Class StandardRobotsMetaProvider

  • All Implemented Interfaces:
    IRobotsMetaProvider, IXMLConfigurable

    public class StandardRobotsMetaProvider
    extends Object
    implements IRobotsMetaProvider, IXMLConfigurable

    Implementation of IRobotsMetaProvider as per X-Robots-Tag and ROBOTS standards. Extracts robots information from "ROBOTS" meta tag in an HTML page or "X-Robots-Tag" tag in the HTTP header (see https://developers.google.com/webmasters/control-crawl-index/docs/robots_meta_tag and http://www.robotstxt.org/meta.html).

    If you specified a prefix for the HTTP headers, make sure to specify it again here or the robots meta tags will not be found.

    If robots instructions are provided in both the HTML page and HTTP header, the ones in HTML page will take precedence, and the ones in HTTP header will be ignored.

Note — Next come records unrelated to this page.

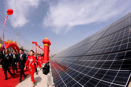 國內首座大型太陽能光伏高壓并網電站日前在青海省西寧市舉行竣工典禮并運行發(fā)電,這標志著青海省太陽能光伏發(fā)電并入城市電網技術達到了國際先進水平。這座光伏高壓并網電站位于西寧市經濟技術開發(fā)區(qū),占地面積15畝,安裝太陽能電池組件300千瓦,年發(fā)電量可達45萬千瓦時。本報記者:楊壽德 攝 |
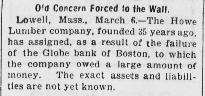 Old Concern Forced to the Wall. Lowell, Mass., March 6.-The Howe Lumber company, founded 35 years ago, has assigned, as a result of the failure of the Globe bank of Boston, to which the company owed a large amount of money. The exact assets and liabilities are not yet known.
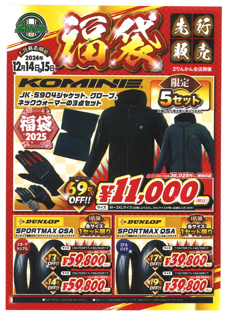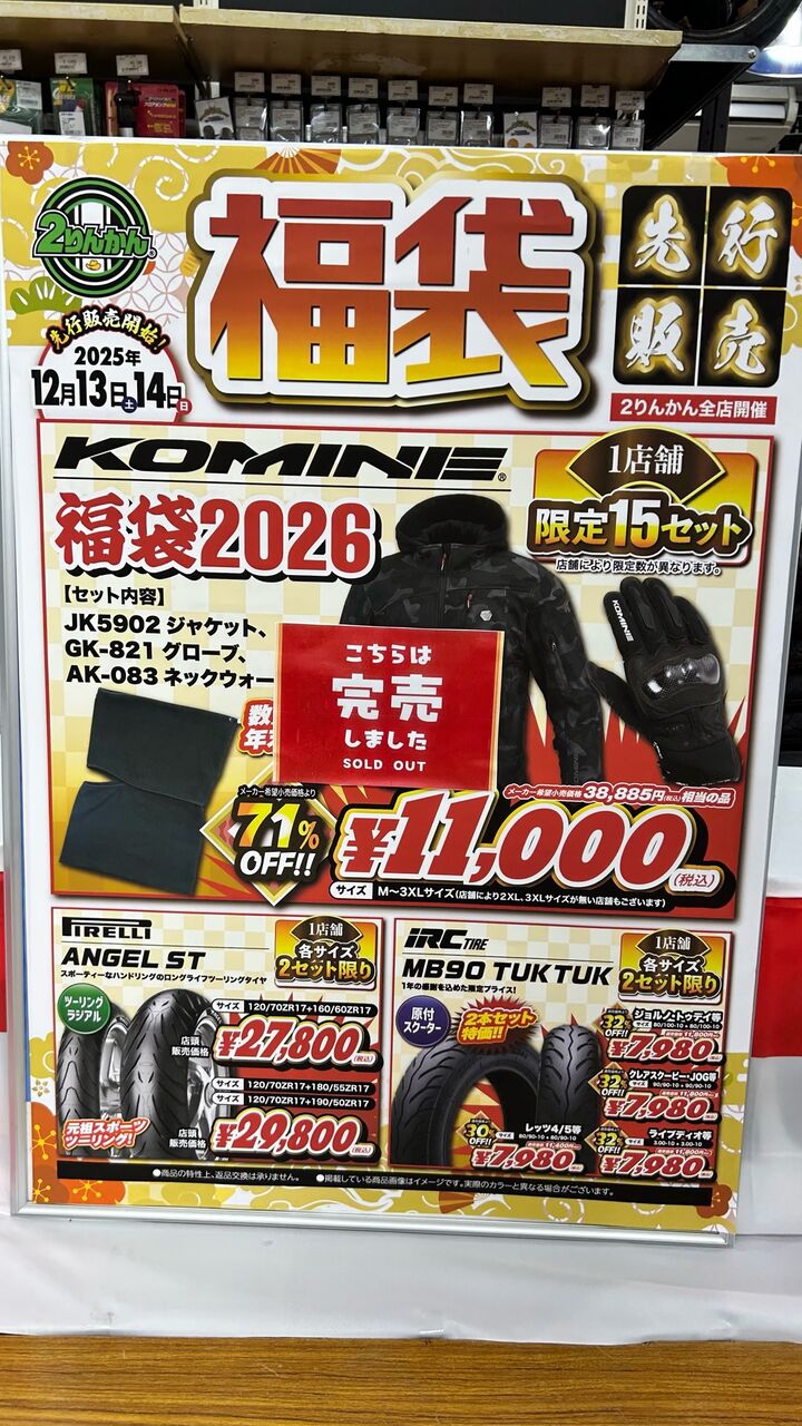 246溝口2りんかん 【246溝口2りんかん】2日間限定!!-コミネ&ピレリ&iRC- 福袋先行販売いたします【12月13日(土)14日(日)】
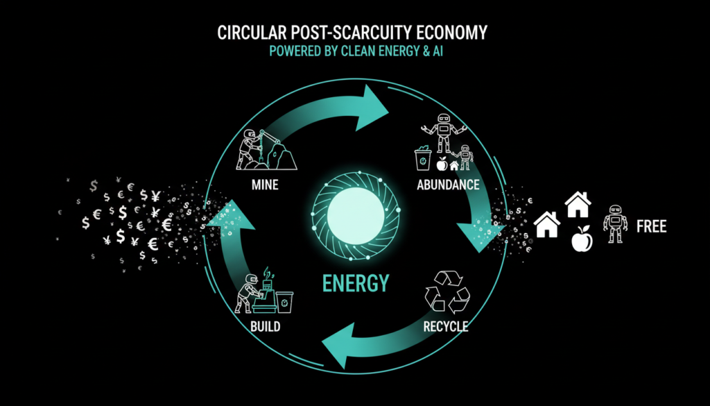 Picture this: Musk, fresh off his $56 billion Tesla payout fight, calls money a mere “labor database.” Automate labor, and it vanishes replaced by energy as currency. In a closed loop future, robots mine, build chips, and recycle endlessly.
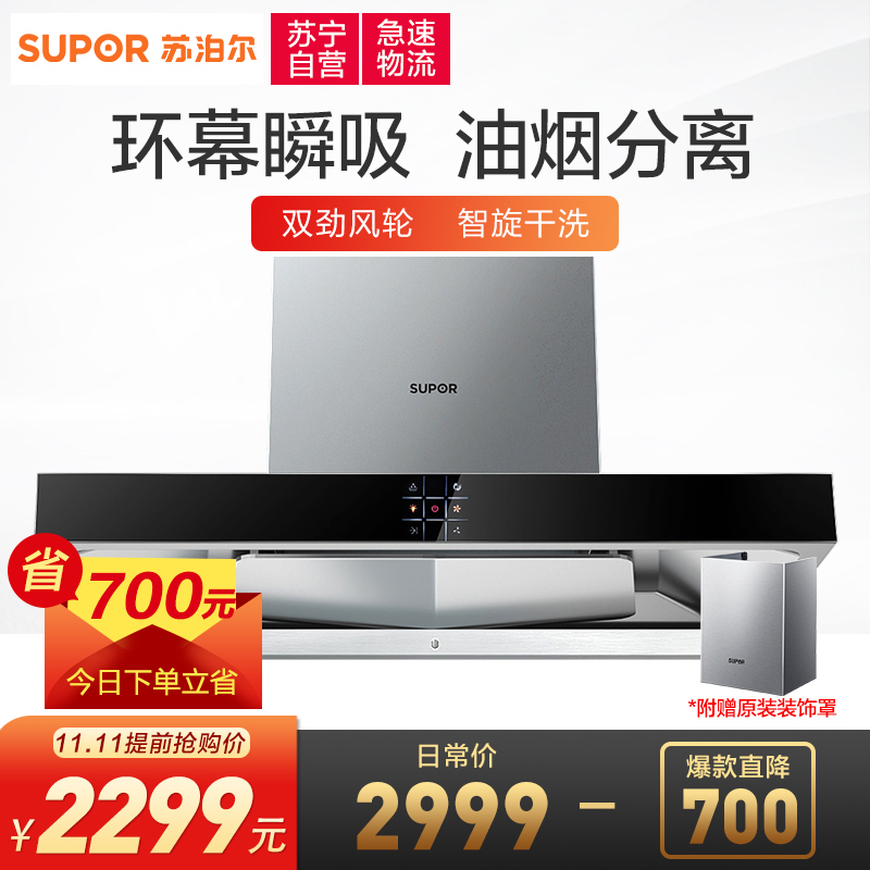 普通油烟机要么从上吸,要么从侧面吸,但苏泊尔这个设计是两面夹击——侧面靠近烟源先吸走大部分油烟,顶面再补刀,把逃逸的余烟一网打尽-8。
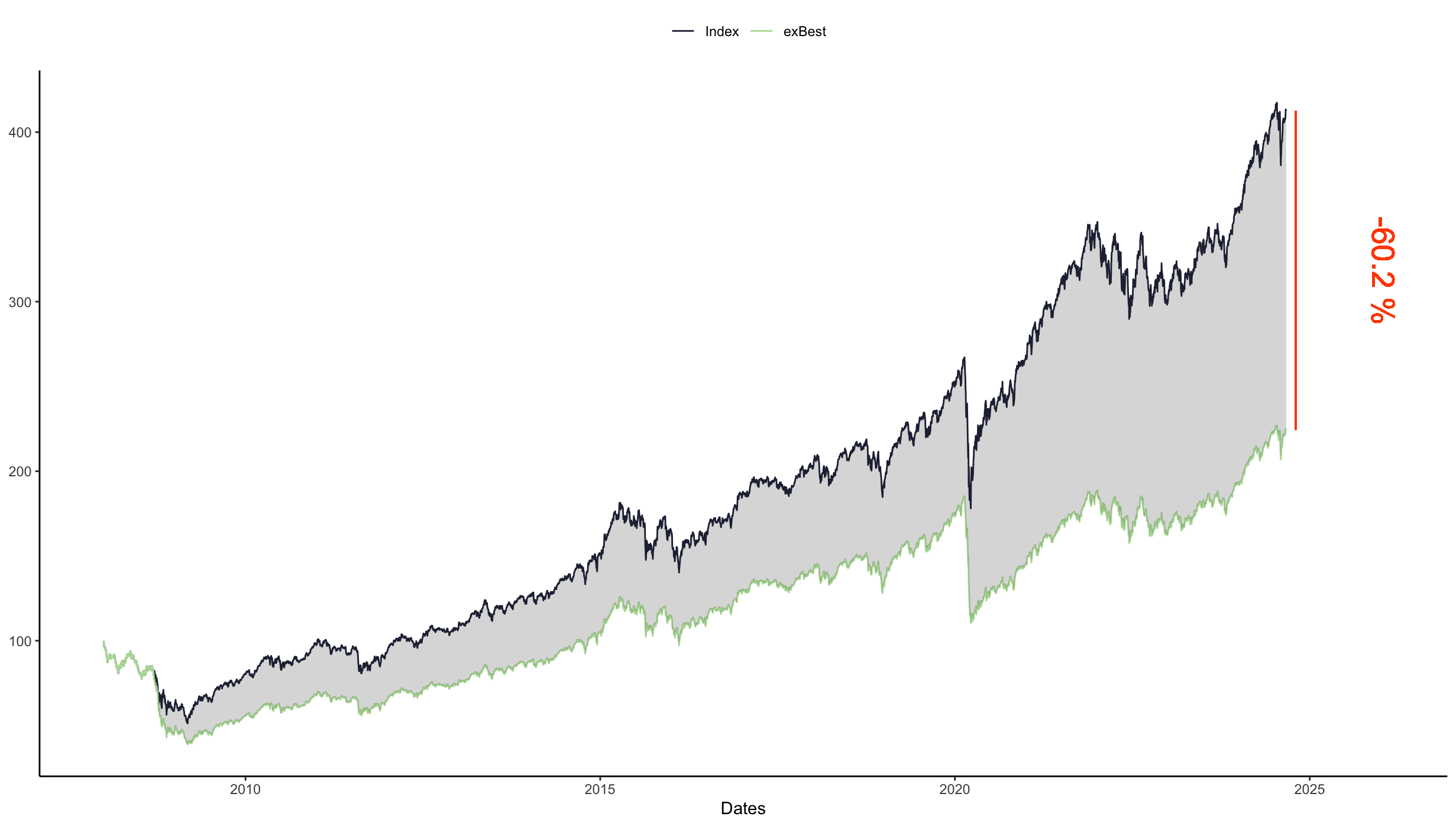 En d’autres termes, si vous n’êtes pas investi durant les 10 meilleurs jours, parmi les 4 350 que contient notre échantillon (soit 0,2% du temps), la performance annualisée de votre placement sur la durée chute de 8,6% à 4,8%, soit une différence de -3,8% par an.
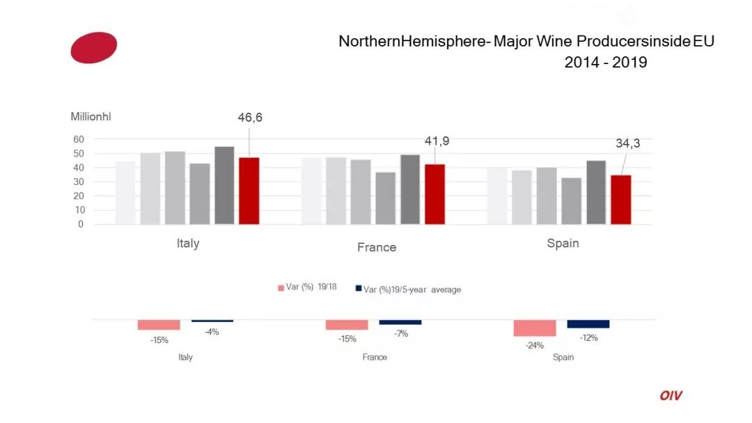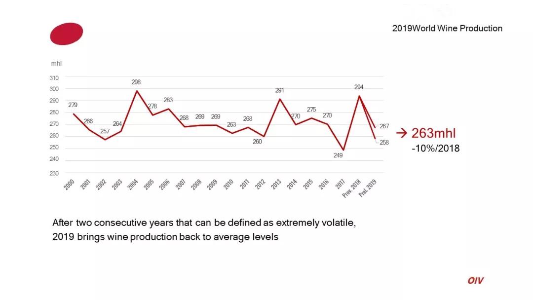 據(jù)國際葡萄與葡萄酒組織(OIV)最新數(shù)據(jù)顯示,2019年全球葡萄酒產(chǎn)量*為263億升(mhl),同比2018年下降了10.54%。包括法國、意大利、西班牙在內(nèi)的葡萄酒主產(chǎn)國產(chǎn)量均有不同程度下降。
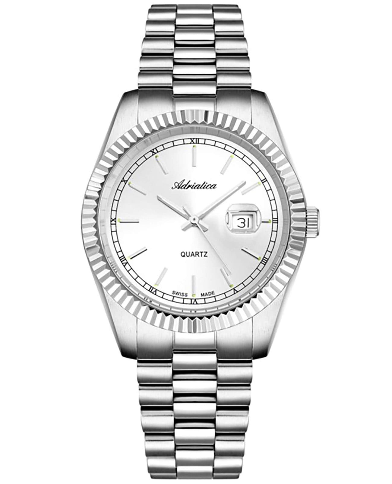 Женские кварцевые часы Adriatica A3090.5113QXL — воплощение швейцарской элегантности в классическом серебристом исполнении. Круглый корпус размером 36 мм из полированной нержавеющей стали, циферблат с солнечной текстурой Sunray и штрихами, окошко даты в положении 3 часов. Стекло — минеральноеМинеральное стеклоМинеральное стекло представляет собой искусственно выращенный минерал кварца. Такое стекло отличается особой устойчивостью к повреждениям и царапинам. Уступает по некоторым качествам сапфировому стеклу. с сапфировым покрытиемСапфировое стеклоПрочный и надёжный материал из кристалла сапфира синтетического происхождения, характеризующийся особой твёрдостью и устойчивостью к царапинам и повреждениям.. Механизм — швейцарский кварцевый Ronda 785. Водонепроницаемость 50 м. Рифлёный безельБезельВнешний ободок, закрепляющий стекло. В спортивных часах так называется поворотное кольцо с делениями на циферблате, выполняет роль таймера – замеряет отрезки времени на шкале. Неподвижный безель – элемент декора. Однонаправленно вращающийся безель на дайверских часах позволяет фиксировать моменты погружения и выныривания на поверхность. и рифлёная заводная головка подчёркивают изысканность дизайна. Браслет — стальной на раскладной застёжкеРаскладная застёжкаТакой тип застёжки используется только на браслетах из металла. Она никогда не раскрывается полностью, происходит разделение на 2 и более частей. Раскладывающая застёжка снизит вероятность потери часов к минимуму.. Идеальный выбор для тех, кто ценит швейцарское качество и утончённую классику.

    XML configuration usage:

    
    <robotsMeta
        ignore="false"
        class="com.norconex.collector.http.robot.impl.StandardRobotsMetaProvider">
      <headersPrefix>(string prefixing headers)</headersPrefix>
    </robotsMeta>

    XML usage example:

    
    <robotsMeta
        ignore="true"/>

    The above example ignores robot meta information.

    Author:
    Pascal Essiembre